Is there a built-in authentication system in UNet?

@aabramychev thank you. I hope to see these features soon in future builds.

 

Any news about this? I would love a web hook system for authentication

 

@aabramychev good to see that Unity still cares about its networking component !
Looking forward to good news soon (tm)
cheer up man, we're counting on you even though not too many of us voice their interest on the forums

 

I'm using a dummy player object to pass tickets, via command, to the server which then checks them against a web API.

If they authenticate, their gameobject gets fully enabled for chat and interaction but, on failure, they get disconnected.

How easy is this to exploit in your eyes?

As is, they don't count against the maximum number of connections until they authenticate.

 

Same, but have a problem.
If we don't wan't player know where is all other player, we can't like that.
(Think player is a cheater, secure your game, don't think "is work, is done")

If player is ban, he can connect like he is not activate.

So many problem with this system, we need real protect connexion.

 

You can actually set the player entity to be hidden on the network from other clients. If people, during the authentication process, are hidden from one another and far away from authenticated players (who have network visibility based on proximity), that will achieve the desired effect. Even though it's improvised, the security and data traffic are optimal.
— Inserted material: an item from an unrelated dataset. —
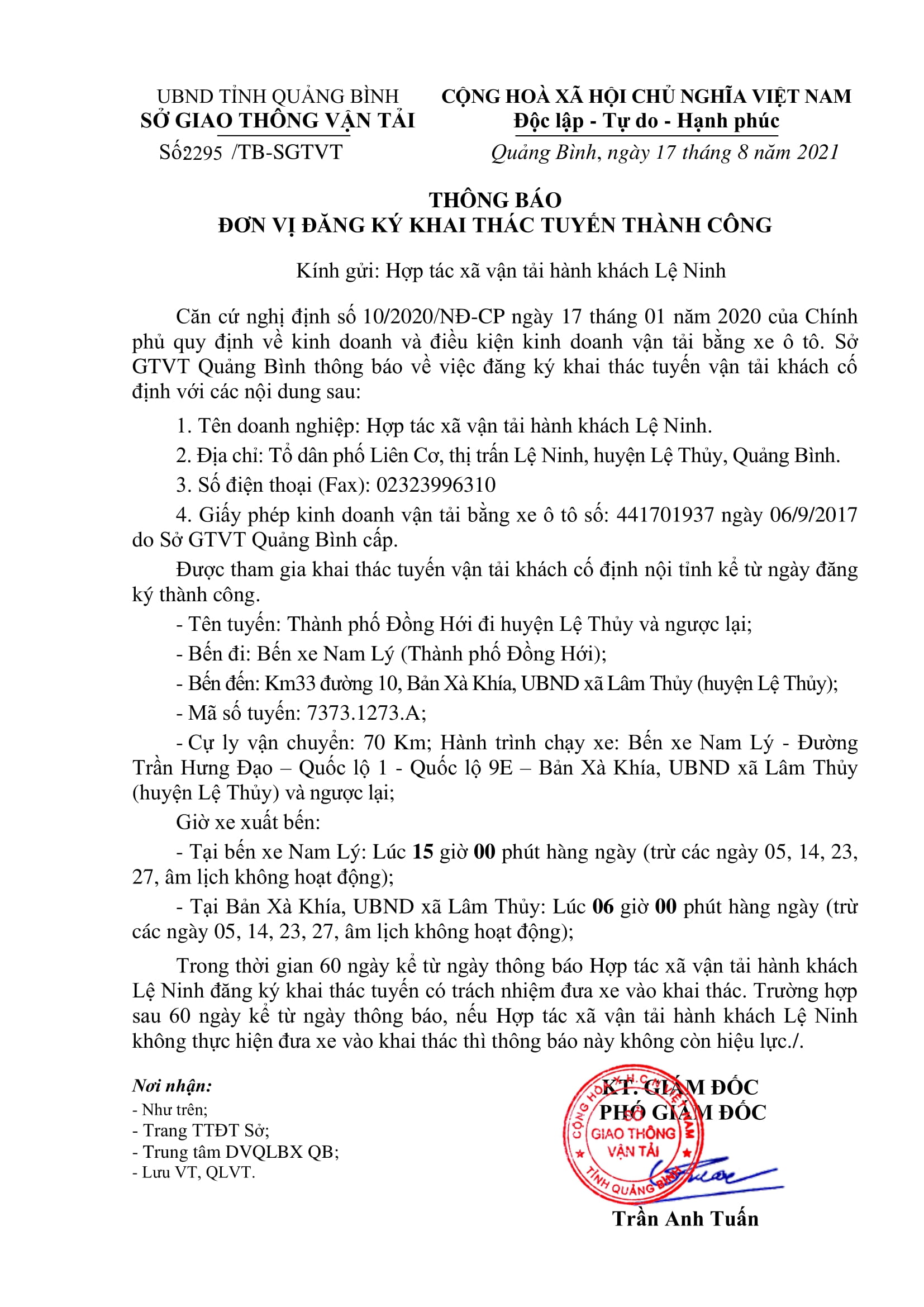 Thông báo Đăng ký khai thác tuyến thành công của Hợp tác xã vận tải hành khách Lệ Ninh (Tuyến : Thành phố Đồng Hới đi huyện Lệ Thủy và ngược lại)

At the moment, if players fail to authenticate within a time limit, I kill the connection. You can take it a step further and try to ban any unique identifiers you can find, like the IP, for a few minutes to stop flooding.

Edit: Just been talking to the Mirror / Telepathy Devs in Discord and a better way to do this is to authenticate via messages prior to the client being set to ready.

You can override the default method shown below (Network Manager) and call ClientScene.Ready on your own terms:

public virtual void OnClientConnect(NetworkConnection conn)
{
if (!clientLoadedScene)
{
// Ready/AddPlayer is usually triggered by a scene load completing. if no scene was loaded, then Ready/AddPlayer it here instead.
ClientScene.Ready(conn);
if (m_AutoCreatePlayer)
{
ClientScene.AddPlayer(0);
}
}
}

This way, the game state won't be sent during your authentication process.